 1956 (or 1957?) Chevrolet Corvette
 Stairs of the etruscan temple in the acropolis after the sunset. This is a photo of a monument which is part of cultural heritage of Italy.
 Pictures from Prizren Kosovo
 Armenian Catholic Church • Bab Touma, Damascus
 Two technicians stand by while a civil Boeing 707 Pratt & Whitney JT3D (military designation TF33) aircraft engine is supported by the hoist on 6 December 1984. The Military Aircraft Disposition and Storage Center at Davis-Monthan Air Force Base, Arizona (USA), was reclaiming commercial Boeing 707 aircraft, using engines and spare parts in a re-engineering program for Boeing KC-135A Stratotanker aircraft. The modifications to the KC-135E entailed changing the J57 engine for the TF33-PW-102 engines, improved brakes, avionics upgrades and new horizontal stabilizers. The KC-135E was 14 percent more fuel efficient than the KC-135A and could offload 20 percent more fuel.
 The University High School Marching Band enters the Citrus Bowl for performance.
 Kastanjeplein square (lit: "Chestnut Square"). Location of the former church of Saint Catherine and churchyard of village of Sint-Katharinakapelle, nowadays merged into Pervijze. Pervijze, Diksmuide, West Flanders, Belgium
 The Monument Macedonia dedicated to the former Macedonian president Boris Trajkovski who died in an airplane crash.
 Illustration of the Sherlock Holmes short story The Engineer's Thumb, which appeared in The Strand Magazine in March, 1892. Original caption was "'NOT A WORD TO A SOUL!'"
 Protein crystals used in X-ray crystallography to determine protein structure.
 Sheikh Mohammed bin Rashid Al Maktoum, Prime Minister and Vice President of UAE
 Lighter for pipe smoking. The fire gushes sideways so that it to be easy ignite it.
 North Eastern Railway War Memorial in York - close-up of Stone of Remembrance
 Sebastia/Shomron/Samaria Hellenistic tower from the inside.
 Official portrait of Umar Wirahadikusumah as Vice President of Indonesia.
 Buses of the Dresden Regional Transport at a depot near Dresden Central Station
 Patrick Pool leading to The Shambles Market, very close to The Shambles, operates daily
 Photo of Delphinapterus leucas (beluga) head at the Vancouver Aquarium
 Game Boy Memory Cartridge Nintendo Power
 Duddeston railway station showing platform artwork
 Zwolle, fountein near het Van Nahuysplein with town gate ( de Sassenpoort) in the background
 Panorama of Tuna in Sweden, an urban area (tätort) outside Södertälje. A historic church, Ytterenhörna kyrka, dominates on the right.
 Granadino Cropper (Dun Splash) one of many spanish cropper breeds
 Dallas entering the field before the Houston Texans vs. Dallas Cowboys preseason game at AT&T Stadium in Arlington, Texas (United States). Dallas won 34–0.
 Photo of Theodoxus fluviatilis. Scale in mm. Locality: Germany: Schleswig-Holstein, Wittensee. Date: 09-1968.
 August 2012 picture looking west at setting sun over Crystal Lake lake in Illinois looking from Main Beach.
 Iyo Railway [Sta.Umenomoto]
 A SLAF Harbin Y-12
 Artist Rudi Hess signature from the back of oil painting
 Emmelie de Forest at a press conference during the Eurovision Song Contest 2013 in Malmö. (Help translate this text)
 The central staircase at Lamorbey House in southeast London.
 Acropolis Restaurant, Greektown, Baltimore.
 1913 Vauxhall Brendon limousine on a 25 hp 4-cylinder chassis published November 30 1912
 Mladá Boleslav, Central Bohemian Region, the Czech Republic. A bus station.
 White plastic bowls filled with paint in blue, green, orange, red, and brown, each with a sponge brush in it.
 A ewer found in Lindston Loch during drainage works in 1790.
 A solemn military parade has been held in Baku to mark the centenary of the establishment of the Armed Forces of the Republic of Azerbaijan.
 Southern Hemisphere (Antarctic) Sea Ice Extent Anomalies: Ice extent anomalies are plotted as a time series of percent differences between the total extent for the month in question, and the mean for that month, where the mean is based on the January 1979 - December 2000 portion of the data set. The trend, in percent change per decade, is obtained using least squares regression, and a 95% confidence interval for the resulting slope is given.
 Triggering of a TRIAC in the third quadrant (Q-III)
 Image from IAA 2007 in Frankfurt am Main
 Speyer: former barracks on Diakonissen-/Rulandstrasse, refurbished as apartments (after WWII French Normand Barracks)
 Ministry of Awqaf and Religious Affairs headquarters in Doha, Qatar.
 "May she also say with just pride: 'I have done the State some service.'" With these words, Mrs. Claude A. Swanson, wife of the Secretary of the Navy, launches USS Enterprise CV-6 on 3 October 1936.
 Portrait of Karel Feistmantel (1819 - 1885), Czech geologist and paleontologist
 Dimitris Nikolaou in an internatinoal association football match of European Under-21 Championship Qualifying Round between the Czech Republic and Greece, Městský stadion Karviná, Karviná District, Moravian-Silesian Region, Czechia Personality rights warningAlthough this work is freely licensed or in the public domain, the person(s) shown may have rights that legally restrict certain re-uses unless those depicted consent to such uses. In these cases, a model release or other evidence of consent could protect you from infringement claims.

* Required action *
Output the lines above exactly, but only those between the line holding "Duddeston railway station" and the line holding "Speyer: former barracks", inclusive.

* Written reply *
 Duddeston railway station showing platform artwork
 Zwolle, fountein near het Van Nahuysplein with town gate ( de Sassenpoort) in the background
 Panorama of Tuna in Sweden, an urban area (tätort) outside Södertälje. A historic church, Ytterenhörna kyrka, dominates on the right.
 Granadino Cropper (Dun Splash) one of many spanish cropper breeds
 Dallas entering the field before the Houston Texans vs. Dallas Cowboys preseason game at AT&T Stadium in Arlington, Texas (United States). Dallas won 34–0.
 Photo of Theodoxus fluviatilis. Scale in mm. Locality: Germany: Schleswig-Holstein, Wittensee. Date: 09-1968.
 August 2012 picture looking west at setting sun over Crystal Lake lake in Illinois looking from Main Beach.
 Iyo Railway [Sta.Umenomoto]
 A SLAF Harbin Y-12
 Artist Rudi Hess signature from the back of oil painting
 Emmelie de Forest at a press conference during the Eurovision Song Contest 2013 in Malmö. (Help translate this text)
 The central staircase at Lamorbey House in southeast London.
 Acropolis Restaurant, Greektown, Baltimore.
 1913 Vauxhall Brendon limousine on a 25 hp 4-cylinder chassis published November 30 1912
 Mladá Boleslav, Central Bohemian Region, the Czech Republic. A bus station.
 White plastic bowls filled with paint in blue, green, orange, red, and brown, each with a sponge brush in it.
 A ewer found in Lindston Loch during drainage works in 1790.
 A solemn military parade has been held in Baku to mark the centenary of the establishment of the Armed Forces of the Republic of Azerbaijan.
 Southern Hemisphere (Antarctic) Sea Ice Extent Anomalies: Ice extent anomalies are plotted as a time series of percent differences between the total extent for the month in question, and the mean for that month, where the mean is based on the January 1979 - December 2000 portion of the data set. The trend, in percent change per decade, is obtained using least squares regression, and a 95% confidence interval for the resulting slope is given.
 Triggering of a TRIAC in the third quadrant (Q-III)
 Image from IAA 2007 in Frankfurt am Main
 Speyer: former barracks on Diakonissen-/Rulandstrasse, refurbished as apartments (after WWII French Normand Barracks)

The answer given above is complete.